Tire o padrão do corpo das meninas
Ou quando essa foto virou reflexão

Essa da foto sou eu.
Depois que tirei essa foto pensei em fazer uma série como essa com outras meninas, para depois publicar no meu blog a série de fotos mais um texto. O texto não seria sobre as fotos ou questões do corpo da mulher, era apenas pela estética.
Eu não vivo em uma bolha e sei que a relação das mulheres com os seus corpos é, no geral, atribulada. Não aceitação, baixa autoestima, querer estar em um padrão (impossível) determinado pelas mais diversas referências etc. Porém, fiquei surpresa em receber sete nãos de sete amigas a quem propus fazer essa foto.
Eu quase nunca tive problemas com meu corpo. Claro, já quis emagrecer, já quis que meu nariz fosse diferente, já tive problemas com espinhas, várias coisinhas. Mas, no geral, hoje eu gosto muito dele, eu acho meu corpo verdadeiramente bonito. Pra mim, essa era a regra: as pessoas mudariam algumas coisas se pudessem, mas gostavam do próprio corpo. (E estou falando aqui das pessoas que não têm, aparentemente, obsessões, grandes problemas com autoestima baixa ou não aceitação. Que não sofrem bullying externo por não estarem no padrão. Mas que, psicologicamente, cada um sabe de si.)
Por isso fiquei surpresa! Eu sei que existem vários movimentos para conscientizar e estimular as mulheres a aceitarem e acolherem a si mesmas. Mas, como não era a minha realidade, eu não tinha dimensão dessa opressão até me deparar com as respostas das minhas amigas. Até ver que meninas tão próximas a mim, tão lindas e que, ao meu ver, não tinham grandes problemas com o corpo, recusaram a fazer essa foto por não se acharem magras ou com os seios grandes e bonitos o suficiente.

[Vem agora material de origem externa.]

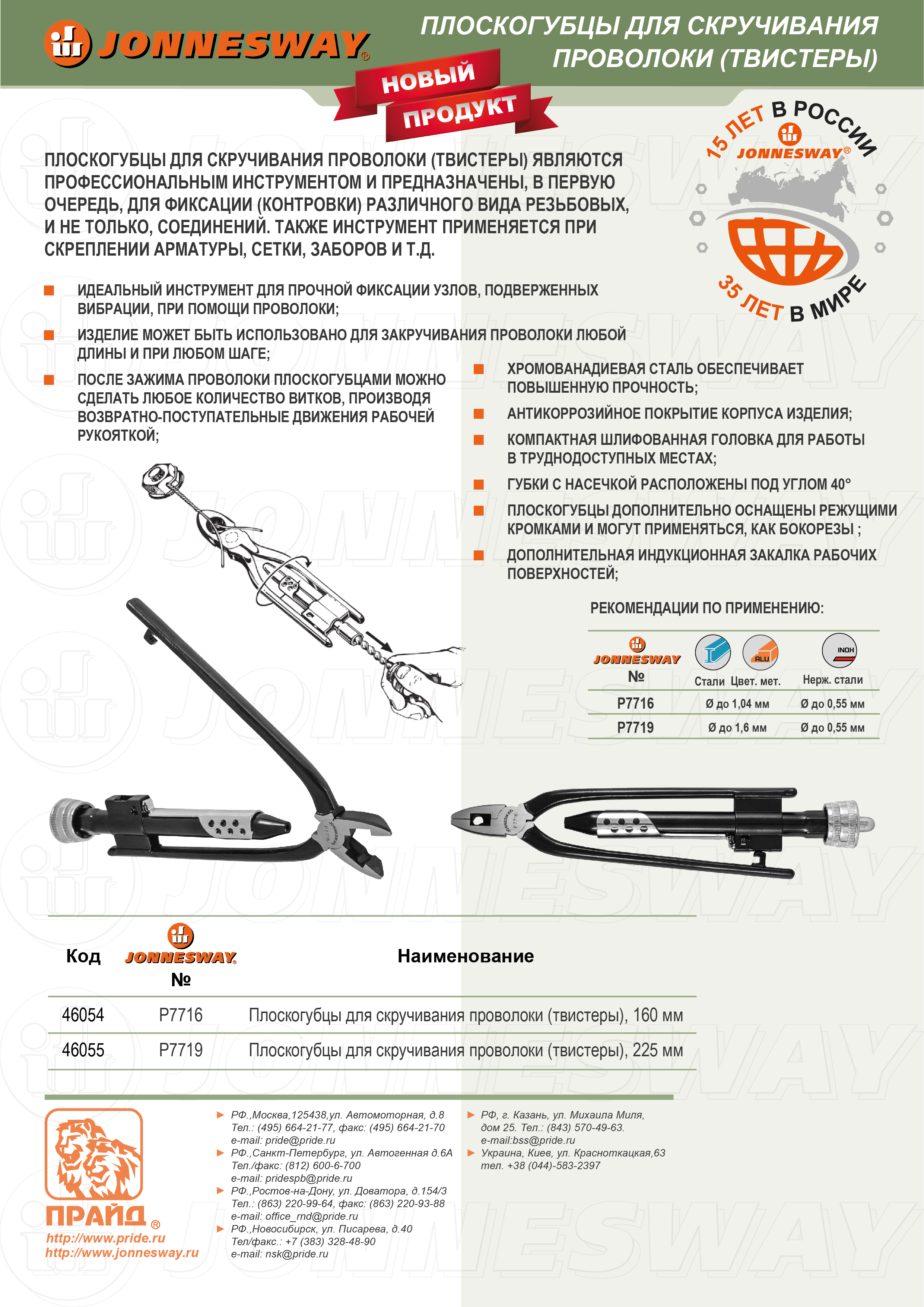 Плоскогубцы для скручивания проволоки. После зажима проволоки плоскогубцами можно сделать любое количество витков, производя возвратно-поступательные движения рабочей рукояткой.Хромованадиевая сталь обеспечивает повышенную прочность. Антикоррозийное покрытие корпуса изделия. Компактная шлифованная головка для работы в труднодоступных местах. Губки с насечкой расположены под углом 40°. Плоскогубцы дополнительно оснащены режущими кромками и могут применяться, как бокорезы. Дополнительная индукционная закалка рабочих поверхностей.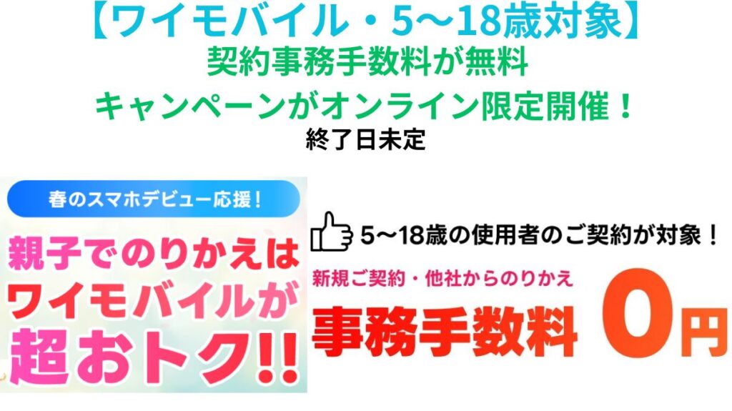 Y!mobile(ワイモバイル)」より、「【U18限定】事務手数料無料キャンペーン」という名称で終了日未定のキャンペーンに関する記事でした。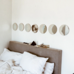 Abrazar cada una de nuestras fases, abrazarnos con nuestra luz y nuestra sombra. Así como la luna que es dual. 7 piezas hechas de arena y pigmentos puros sobre espejo en medida de 20 cms cada una. Las lunas son expuestas a la noche, y al sol para un secado natural. Piezas listas para colgar.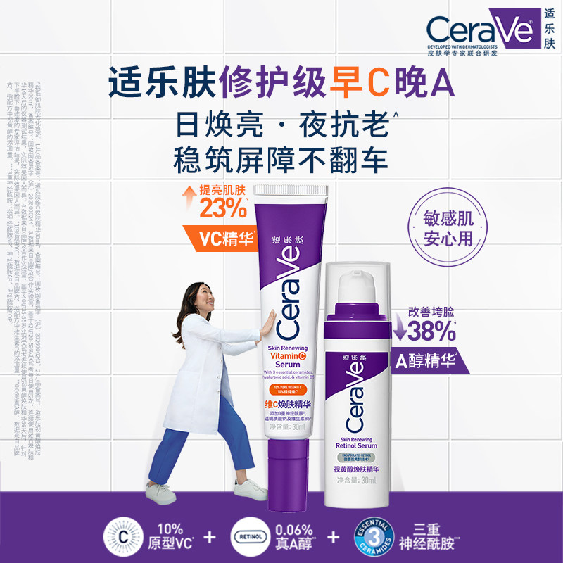 CeraVe适乐肤【早C晚A】精华套组抗皱紧致焕亮抗氧温和修护礼物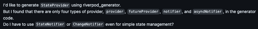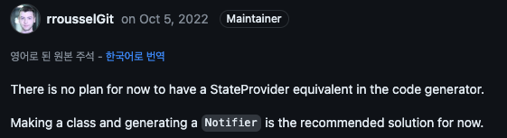 기존에 작성한 코드에서 Riverpod 의 StateProvider 를 이용한 것이 있는데, 이 코드를 Riverpod Generator 를 활용하는 코드로 migration 하려고 보았더니 Generator 에서는 State Provider는 지원하지 않는다.

Não é pelas fotos que não vou fazer, ou pela resposta que sequer consegui dar a elas, mas pela urgência em ensinar nossas meninas que o corpo é casa, é único e é lindo do jeito que é. Que cada mulher carrega em si os traços de mil lugares e culturas. Que tudo bem não querer se mostrar porque isso é uma escolha, mas que ninguém se ache incapaz de fazer qualquer coisa por mais essa violência. Que a busca seja sempre pelo conforto e pela paz consigo mesmo e não por medidas e tamanhos.